# Marijuana legalization Q&A: What's next for Oregon?



## CoastalFog (Nov 5, 2014)

2014 US midterm elections:
Marijuana Legalization (measure 91)
Driver's license (_EU's ID Card equivalent_) to illegal aliens (measure 88)

This morning, I read _91 passed_ (in effect as of 2015), but 88 _didn't_. Find all yesterday's midterm elections results (2014) here Marijuana legalization.

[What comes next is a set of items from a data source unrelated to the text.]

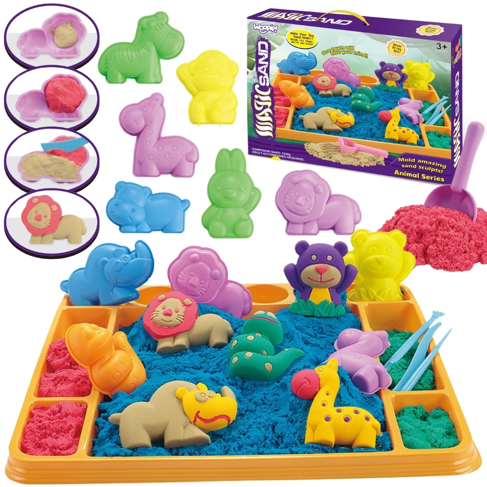 WOOPIE Kinetický Piesok Sada XXL ZOO Mini Pieskovisko s Formičkami 1,2 Kg
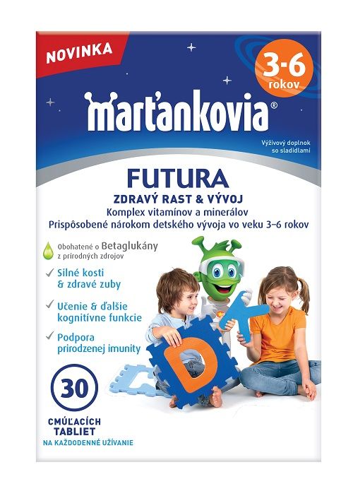 Vhodný produkt: Marťankovia FUTURA 3 – 6 cmúľanie tablety, výživový doplnok so sladidlami.
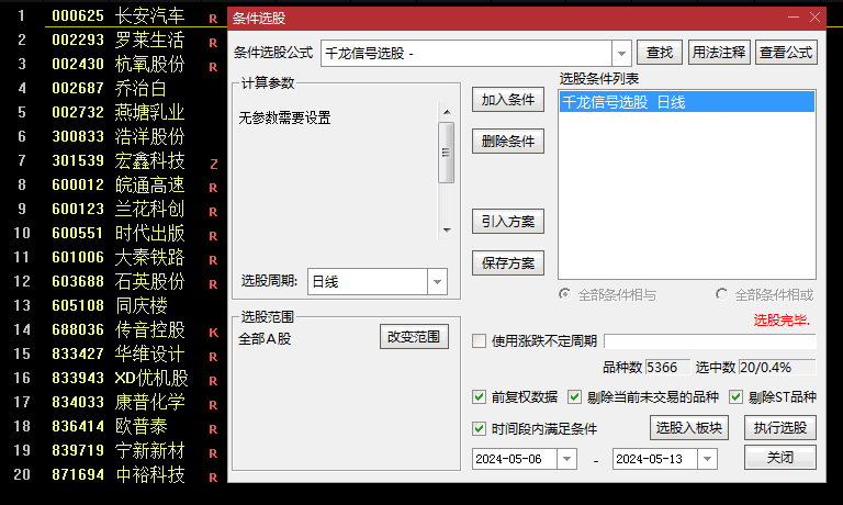 选股器精准:选股器是千龙聚首指标套装的另一大亮点。该选股器基于MACD指标和其他相关条件,能够筛选出符合特定买入的股票。这些选股信号经过验证,具有较高的准确性,有助于投资者发现市场中的优质投资机会。

1 out of 380 (as of this minute) comments reads:_
I love how the main photo of this article is a bespectacled kid crying, yes, crying, over the passing of legal weed. I mean, come on, this cracks me up. It's not like equal rights of man, or women's suffrage, or abortion. [...]_


----------



## daeman (Nov 5, 2014)

...
*Legalize it?

*But that's in Sharing & bonding while this is in Politicals. Your call, Coastal.


----------



## CoastalFog (Nov 6, 2014)

daeman said:


> ...
> *Legalize it?
> 
> *But that's in Sharing & bonding while this is in Politicals. Your call, Coastal.



Polit...icals? 
Uh yeah, what's election results got to do with politics?
Hmm, got a point there, dude.

Sharing and bonding? No way!
I am NOT--repeat--I am NOT going to be sharing my weed with you, OK?
Cuz then I'll have to be bonding you out of jail until weed is officially legal.
And that ain't gonna happen until 2015, cousin.

Am I gonna reconsider next year?
Ask me next year.


----------